Los mendigos, los perros y las protestas callejeras contra el gobierno, contrastan sus urgencias y forman un Guernica de lamentos sin color que el sol matiza entre las bocinas de los autos que serpentean para buscar el escape de las arterias invadidas.

Sigo caminando. Lento.



Me acuerdo de una frase de Atahualpa Yupanqui, “el hombre que camina lento, le galopa el pensamiento”. Los pasos se vuelven pinceladas en este paisaje. Buscan, recorren, arrastran sus tintas de rutina entre los colores de vida de miles de personas que no imaginan que en mi recorrido, voy bocetando mis fantasmas, mis imágenes, mis sueños, mis obras.

Pasó el día.

En mi retorno vespertino, el sol va terminando su elíptico paseo para recostarse detrás de los cerros y la ciudad se llena de sombras estiradas que juegan con las botellas y bolsas de plástico que la gente arroja sin imaginar que sus acciones en algunos museos serian la selección del jurado más exigente. Busco separar mi pensamiento del abandono de la belleza y miro hacia los cerros. Los colores que el sol regala en su agonía demuestran que hasta en las diferencias más radicales está escondido el hecho estético. El día y la noche, quizás la más notable dupla del contraste chocan su prologo y epílogo con un espatulado de azules, rojos y amarillos, que poco a poco esfuman su danza impresionista con fondos que oscurecen lentamente para derramar un salpicado asimétrico de estrellas que las luces urbanas se ocuparan de borrar de la mirada humana.

Llega la noche.

Hace un racimo de días que no pinto. Luego de alimentar a los buitres que baten sus alas sobre mi costo de vida y la de mis hijos, veo nuevos atardeceres con mis descansados pinceles. Pero el Arte no conoce de inflación ni subsistencia y se abre camino en cualquier papel, en las manchas de humedad de este febrero lluvioso, en las nubes, en la vida.

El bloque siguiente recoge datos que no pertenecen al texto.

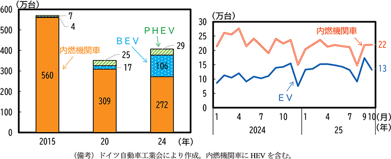 第1章で述べたとおり、米国の関税措置によって、ドイツ系メーカーの自動車販売は米国市場で急速に減少している。また中国向け輸出も落ち込んでいることから、ドイツでは自動車産業の低迷がみられる。本コラムでは、ドイツの電気自動車(EV85)の生産動向とドイツ経済への影響について検討する。

Vuelvo a sentirme el niño de ocho años que se negaba a dibujar en la escuela, porque no tenía los crayones y las temperas que los demás malgastaban haciendo círculos vacíos de vida y que generaba los reproches de mi madre ante los maestros, que nunca entendieron sus primeras revoluciones.

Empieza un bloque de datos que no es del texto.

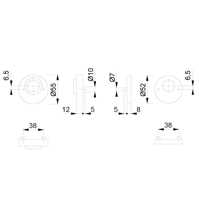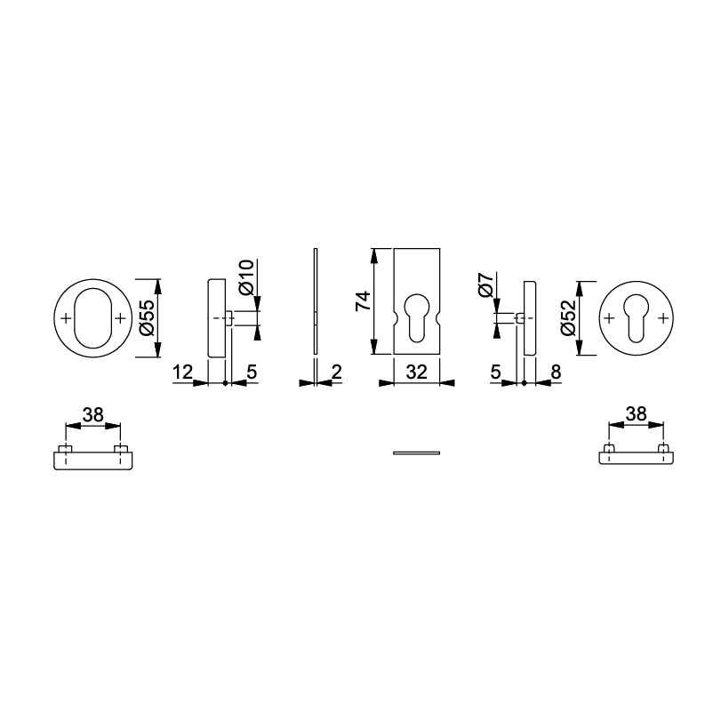 Rosace extérieure massive, dimensions 55 x 12 mm, avec 2 ergots filetés M5

“La riqueza, como la libertad, vive en el hombre, y tiene por causa al hombre. En el hombre está la mina, no en el suelo. El suelo puede estar lleno de oro: allí se quedará si falta el hombre capaz de explotarlo”.

(Juan Bautista Alberdi)

jueves, 20 de enero de 2011

Los pies en la tierra



Anoche hubo tormenta.

El ficus del patio yace recostado entre los charcos, como reclamando una nueva maceta que le banque su natural crecimiento y así no caer arrastrado por los vientos arremolidados que pogean sus hojas hasta derribarlo.

Parece descansar.

Imagino las vidas de las personas como las plantas de mi pequeño y nómade jardín. Cientos de sueños humanos plantados en macetas de distintos tamaños, buscando llegar a la tierra del éxito donde estirar sus raices. Mientras los gobiernos van arando la tierra que no toca en partes iguales nunca, muchos estiran sus enredaderas sin límites y la mayoria sufre la poda de sus sueños con la ilusión de que alguna vez el recipiente se rompa, permitiendoles llegar a esas parcelas abonadas para los elegidos.

Levanto la vista y veo los enormes edificios que me rodean, un invernadero de vidas embutidas en paredes que guardan ilusiones, infiernos y cielos. En esta jungla de cemento el ecosistema funciona y sus enredaderas de historias forman su jardín de especies variadas.

Cada uno nace y germina con sueños e ideales y según donde le toque recibir los rayos del sol de la suerte, depende de cada uno como va estirando sus ramas en esta biosfera de vidas que de a poco se va olvidando que todos formamos al mismo bosque y merecemos la misma lluvia.

En este mundo de individualismos donde cada uno cuida de su parcela y si puede le hace sombra a los que intentan crecer desde el suelo, nos vamos quedando aislados sin darnos cuenta que cuando el viento sople no habrá nadie que nos sostenga para volver a brotar a pesar de las caídas.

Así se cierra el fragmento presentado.